Includes, for example, the following: Forgeries were made at all times / The Counterfeiter’s Weapons / The Expert’s Counter-measures / The Forger’s Triumph / The Forger’s Unmasking and Condemnation / Conclusion etc.
Hans Tietze (May 1, 1880 in Prague – April 4, 1954 in New York City) was an Austrian art historian and member of the Vienna School of Art History.
In 1909, Tietze was appointed lecturer in art history at the University of Vienna. After World War I he became assistant professor and began editing the art journal, Die bildenden Künste. In 1913, he published his Methode der Kunstgeschichte, which “attempted to summarize the basic principles of the evolutionist methodological project developed by Franz Wickhoff and Alois Riegl and articulated explicitly by Max Dvorák.” From 1923 to 1925, Tietze helped reorganizing Vienna’s traditional art museum system into a more popular and pedagogical one. For instance, he combined the print collection of the Hofbibliothek into the Albertina collection and created the Belvedere galleries, consisting of the baroque museum, the 19th-century museum and the 20th-century art museum. He also wrote radio broadcasts on art.
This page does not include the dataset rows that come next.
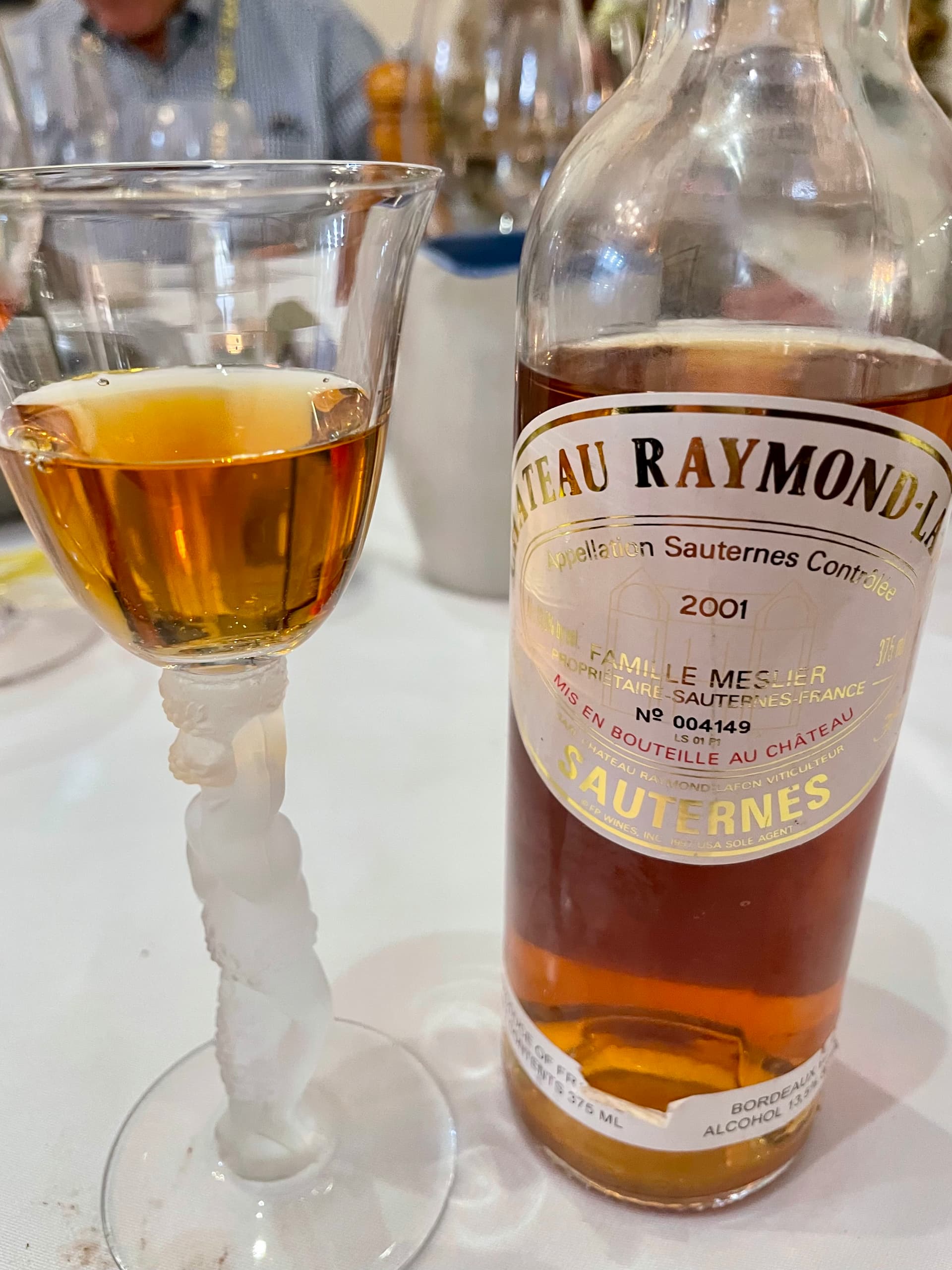 2001 CHATEAU RAYMOND LAFON SAUTERNES in 375 ml- this was another gem from the fantastic 2001 vintage in Sauternes and served to finish off our evening in style, albeit a very sweet style with its butter and honey covered apricot and tangerine fruit delivered in a viscous, thick textured medium that coated the mouth cavity with an ever pleasant film of delight that eventually accompanied the striking of 12 chimes.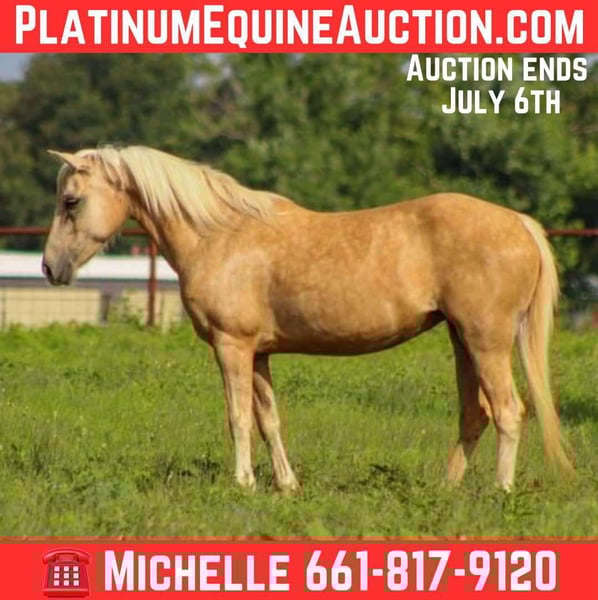 ONLINE AUCTION Place your bids at www.PlatinumEquineAuction.com Starting Bid $3500 Auction ends July 6 2025 Need a new saddle? Check out White Rock Saddles on our website or Facebook! Meet Barbie, the stunning palomino pony who’s ready to bring joy and adventure to your little cowpoke! At just 7 years old and standing at a perfect 12.1 hands tall, Barbie is the ultimate partner for kids who want to dive into the exciting world of ranch life. This beautiful blonde is all about fun and excitement! She’s been a trusty companion for several young cowboys, helping them pen cattle at sale barns and tackle the hustle and bustle of the alleys and gates. With Barbie, your child will experience the thrill of working with cattle—she doesn’t know she’s small; she works like a big horse! Barbie has explored miles of trails on the ranch, from chasing cattle to checking fences, navigating creeks, and jumping logs. She’s been to the play days. With Barbie, there’s no need for constant kicking; she has just the right amount of go and responds easily to her rider’s cues. Plus, her fantastic stop makes her a joy to ride. Despite her size, Barbie keeps up with the big horses on the trails, making her a versatile addition to any family. She’s perfect for those little beginners too—she’s been lead-lined for smaller kids and gets along wonderfully in a mixed herd with big horses. Barbie is an easy keeper—barefoot, low-maintenance, and always ready for a day of fun! If you’re looking for a pony that will keep your kids entertained for hours and create lifelong memories, Barbie is the one. Don’t miss the chance to bring this lovely palomino into your family! We are open to anyone interested in her to schedule a time to come see her or if you can’t make it schedule a FaceTime showing. If you need help with transport don’t hesitate to ask we have a list of reputable haulers that can get her safely to your doorstep WORLD WIDE including, Alaska , Mexico, Hawaii, Canada and anywhere in between. Located in Stephenville, TX. Contact M $ Performance Horses Michelle 661-817-9120 with any questions. ONLINE AUCTION Place your bids at www.PlatinumEquineAuction.com Starting Bid $3500 Auction ends July 6 2025 Need a new saddle? Check out White Rock Saddles on our website or Facebook!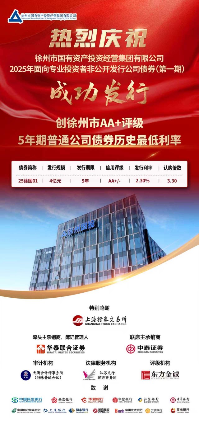 2025年10月31日,徐州國投集團(tuán)成功發(fā)行面向?qū)I(yè)投資者非公開發(fā)行公司債券(第一期),發(fā)行利率2.30%,創(chuàng)下徐州市AA+評(píng)級(jí)5年期普通公司債券歷史最低發(fā)行利率紀(jì)錄。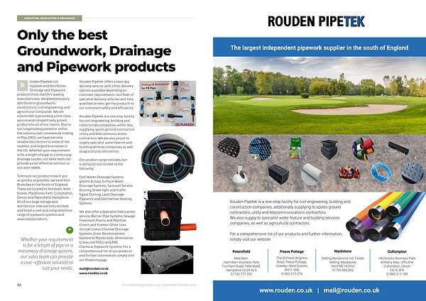 Rouden Pipetek is a one-stop facility for civil engineering, building and construction companies, whilst also supplying, sports ground contractors, utility and telecommunications contractors. We are also proud to supply specialist water feature and building services companies, as well as agricultural contractors.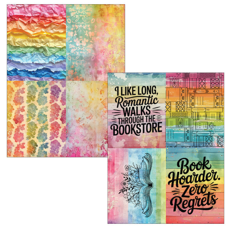 Brutus Monroe Book Hoarder DuoFoil Sheets are part of the Page Turner Collection. These 8.5 x 11-inch sheets feature 8 stunning designs, including 4 with black images that can be hot foiled using a Minc, Fuse, or laminator. Imagery includes crumpled paper textures, floral prints, rows of book spines, and an open book adorned with flowers. Sentiments like "I like long romantic walks through the bookstore" and "Book Hoarder. Zero Regrets" add a playful touch, all presented in vibrant rainbow colors—perfect for book lovers and mixed media artists alike.

In 1932 and 1935, Tietze was a visiting lecturer in the USA. After the annexation of Austria by the Nazis in 1938, he and his wife went to London and then to the United States, where he was appointed visiting professor at the Toledo Museum of Art in 1938–39. In 1940, he settled as a private scholar in New York City, where he wrote introductions to some museum catalogs and “great art” surveys for the general public.
Among his students in Vienna were Ernst Gombrich, Otto Kurz and Fritz Grossmann.